▶ [Problem to work on]:
Using the records below, give again exactly the lines from the line that contains "и беречь его." through the line that contains "싼타페 하이브리드 가격", both ends included, and only those.

▶ [Source information]:
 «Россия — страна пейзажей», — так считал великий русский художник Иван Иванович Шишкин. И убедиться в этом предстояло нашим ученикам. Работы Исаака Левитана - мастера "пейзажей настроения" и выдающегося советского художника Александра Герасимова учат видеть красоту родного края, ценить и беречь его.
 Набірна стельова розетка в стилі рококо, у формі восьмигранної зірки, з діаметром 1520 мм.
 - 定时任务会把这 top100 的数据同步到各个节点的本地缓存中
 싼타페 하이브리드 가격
--
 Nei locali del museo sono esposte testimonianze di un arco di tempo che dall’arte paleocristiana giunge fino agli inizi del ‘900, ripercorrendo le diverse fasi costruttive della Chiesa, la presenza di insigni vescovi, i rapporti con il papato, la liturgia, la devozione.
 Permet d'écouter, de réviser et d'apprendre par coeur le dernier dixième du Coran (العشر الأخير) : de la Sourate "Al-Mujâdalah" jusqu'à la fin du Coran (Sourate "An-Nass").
* * *
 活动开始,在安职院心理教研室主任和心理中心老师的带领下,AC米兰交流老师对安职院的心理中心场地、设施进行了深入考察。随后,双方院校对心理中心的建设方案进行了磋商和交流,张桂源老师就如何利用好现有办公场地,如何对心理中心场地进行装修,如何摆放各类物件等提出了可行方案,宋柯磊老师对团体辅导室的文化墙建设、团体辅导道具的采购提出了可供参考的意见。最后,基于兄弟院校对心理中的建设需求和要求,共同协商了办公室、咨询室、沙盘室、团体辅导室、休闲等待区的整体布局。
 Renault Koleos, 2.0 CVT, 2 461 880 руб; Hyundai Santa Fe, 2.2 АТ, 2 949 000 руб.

▶ [Problem solution]:
 «Россия — страна пейзажей», — так считал великий русский художник Иван Иванович Шишкин. И убедиться в этом предстояло нашим ученикам. Работы Исаака Левитана - мастера "пейзажей настроения" и выдающегося советского художника Александра Герасимова учат видеть красоту родного края, ценить и беречь его.
 Набірна стельова розетка в стилі рококо, у формі восьмигранної зірки, з діаметром 1520 мм.
 - 定时任务会把这 top100 的数据同步到各个节点的本地缓存中
 싼타페 하이브리드 가격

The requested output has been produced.